Meanwhile, a number of studies extended the originally formulated conditions. One finding is that people’s memory sensitivity to distinguish between recognized and non-recognized objects should be high (Pleskac, 2007; see Section 3.1), another that decision makers should actually behave as the RH assumes (see Hilbig et al., 2009). Pachur (2010) tested the above mentioned validity dependencies (i.e., the correlations between n and both validities α and β) in computer simulations and found that they could have a strong limiting effect on the LIME. Katsikopoulos (2010) showed that the relation α > β is not a necessary precondition (see also Beaman, Smith, Frosch, & McCloy, 2010; Davis-Stober, Dana, & Budescu, 2010; and Smithson, 2010; for still other variants of the LIME). Thus, there appear to be several situations in which a LIME may occur. Theoretically, the LIME could be of quite a large size. Assuming strict adherence to the RH and extreme values, namely a recognition validity of 1.0 and a knowledge validity of .50, the effect reaches its maximum with a difference of 26.3% (Pohl, 2006), that is, a person recognizing all objects will show a percentage of correct inferences that is 26.3% below the performance of someone who recognizes less, but just the right number of objects so that the high recognition validity can be most effective (in this case, the optimal number would be to recognize 50% of the objects).

Another question is whether the LIME has been shown empirically so far. Most of the manifestations are based on simulations only. Goldstein and Gigerenzer (2002) thus admitted that “the curious phenomenon of a less-is-more effect is harder to demonstrate with real people than by mathematical proof or computer simulation.” (p. 83) In one of their studies, they interpreted a performance difference of 0.3% as showing a slight LIME (without reporting a statistical test).
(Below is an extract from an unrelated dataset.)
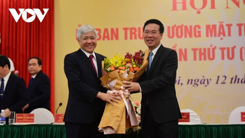 Thường trực Ban Bí Thư Võ Văn Thưởng tặng hoa, chúc mừng tân Chủ tịch Ủy ban Trung ương MTTQ Việt Nam Đỗ Văn Chiến - Ảnh VOV |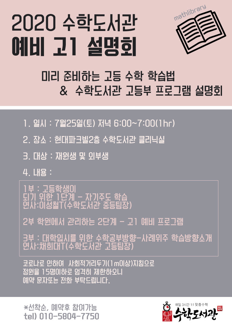 [수학도서관] 예비고1 설명회 -미리 준비하는 고등수학 / 고등부 프로그램 설명회 / 대학입시를 위한 수학공부방향 길잡이

In a second study, they used experimentally induced recognition and found a significant LIME of 3.5%. However, that induction procedure was later criticized by themselves as well as by Pachur et al. (2008) as not conforming to the proper RH conditions (see also Marewski, Gaissmaier, Schooler et al., 2010; and Section 3.3). Pohl (2006) computed theoretically possible LIMEs in eight data sets and found that the LIME was not predicted in four sets (because α β) and rather small in the remaining sets (ranging from 2.2 to 8.0%). Computing the real LIME was unfortunately not possible, because the range of recognized objects was too small (but see Pachur, 2010, who computed predicted accuracy curves for those data). In Exp. 3, Pohl (2006) compared different domains (namely Belgian, Italian and German cities). Participants had mean recognition rates of 6.6, 9.5, and 11.0 (out of 11 cities each) for these three domains, yet performance increased significantly with the number of recognized cities, that is, it showed a “more-is-more” effect (see also Pachur & Biele, 2007).

Using a design in which inferences were recorded from groups rather than individual persons, Reimer and Katsikopoulos (2004) reported cases of LIMEs ranging from 2 to 8%, but without reporting statistical tests. Besides, they used a rather lax criterion to define a LIME. Whenever there exist two persons (or in this case, groups) with different numbers of recognized objects, n1 and n2, such that n1 < n2, then a LIME is said to occur if the performance is higher for n1 than for n2 (see also Pachur, 2010). The problem is that such cases simply must occur just by chance (unless individual performance data are perfectly monotonically ordered along values of n). For example, Pachur et al. (in press) cited results from Snook and Cullen (2006) as showing a LIME, but they had picked two single participants out of the sample (see Fig. 5 of Snook & Cullen, 2006), with one participant having the highest percentage of correct inferences (86%) and recognizing about half the objects, and the other one recognizing the most objects, but performing less well (76%). Hence, these two persons “show” a LIME. Such selective comparisons appear questionable as long as they are not guarded against chance results. The Snook and Cullen (2006; Figure 5) data nicely demonstrate this problem as it is easy to find pairs of persons with the opposite pattern. For example, when one picks the two persons with the highest number of recognized objects, they show a clear “more-is-more” effect. In a further analysis, Pachur (2010) again used the data from Snook and Cullen (2006), but ran a regression analysis. The results suggested a quadratic relationship between the number of recognized objects and accuracy, which would be indicative of a LIME (but see Figures 2 and 5 of Pachur, 2010).7

In sum, several recent studies have more deeply explored the conditions under which a LIME could theoretically be expected, thus extending earlier formulations of this phenomenon. The empirical evidence for a LIME, however, remains scarce with the reported effects mostly being of minor size. Perhaps it is difficult to find real domains that exactly possess those conditions that theoretically foster a LIME.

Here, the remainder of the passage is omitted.